● Dataset section
>>>>
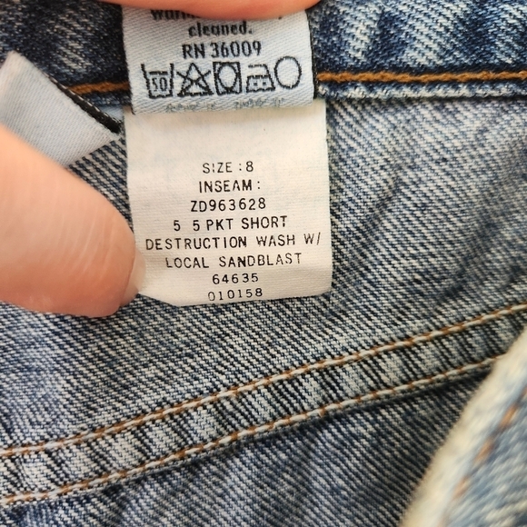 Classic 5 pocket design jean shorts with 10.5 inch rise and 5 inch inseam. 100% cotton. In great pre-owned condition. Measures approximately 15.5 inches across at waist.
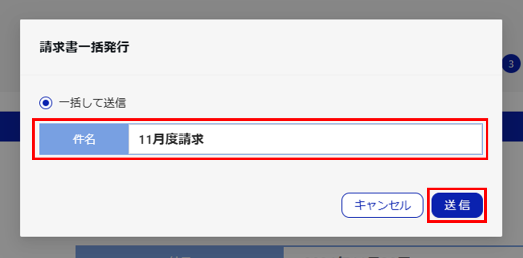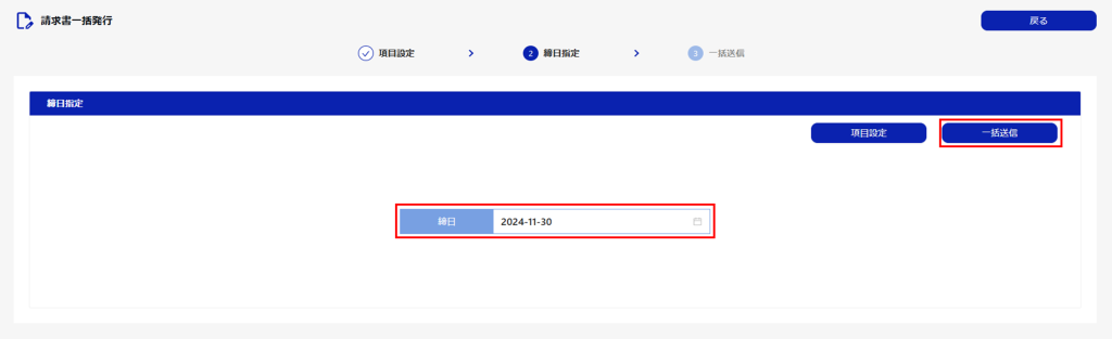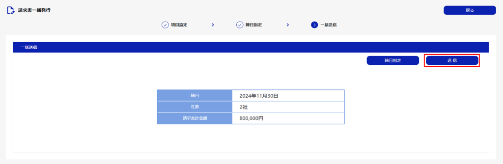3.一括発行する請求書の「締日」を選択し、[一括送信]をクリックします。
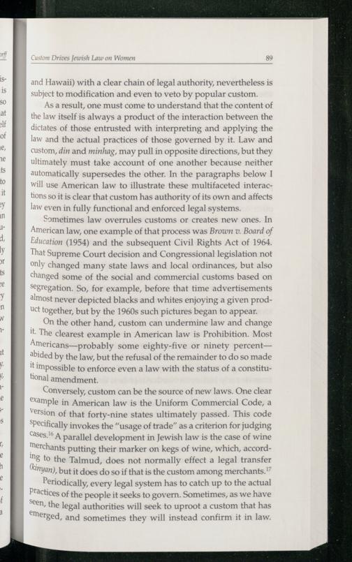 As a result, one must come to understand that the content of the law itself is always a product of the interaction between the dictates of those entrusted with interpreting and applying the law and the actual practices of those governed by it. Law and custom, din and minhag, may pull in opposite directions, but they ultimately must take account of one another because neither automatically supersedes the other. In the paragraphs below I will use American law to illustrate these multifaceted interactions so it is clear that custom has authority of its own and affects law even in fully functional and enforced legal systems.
<<<<
● Description of the task
Repeat the material above word for word and skip every image in it.

● Task answer
 Classic 5 pocket design jean shorts with 10.5 inch rise and 5 inch inseam. 100% cotton. In great pre-owned condition. Measures approximately 15.5 inches across at waist.
3.一括発行する請求書の「締日」を選択し、[一括送信]をクリックします。
 As a result, one must come to understand that the content of the law itself is always a product of the interaction between the dictates of those entrusted with interpreting and applying the law and the actual practices of those governed by it. Law and custom, din and minhag, may pull in opposite directions, but they ultimately must take account of one another because neither automatically supersedes the other. In the paragraphs below I will use American law to illustrate these multifaceted interactions so it is clear that custom has authority of its own and affects law even in fully functional and enforced legal systems.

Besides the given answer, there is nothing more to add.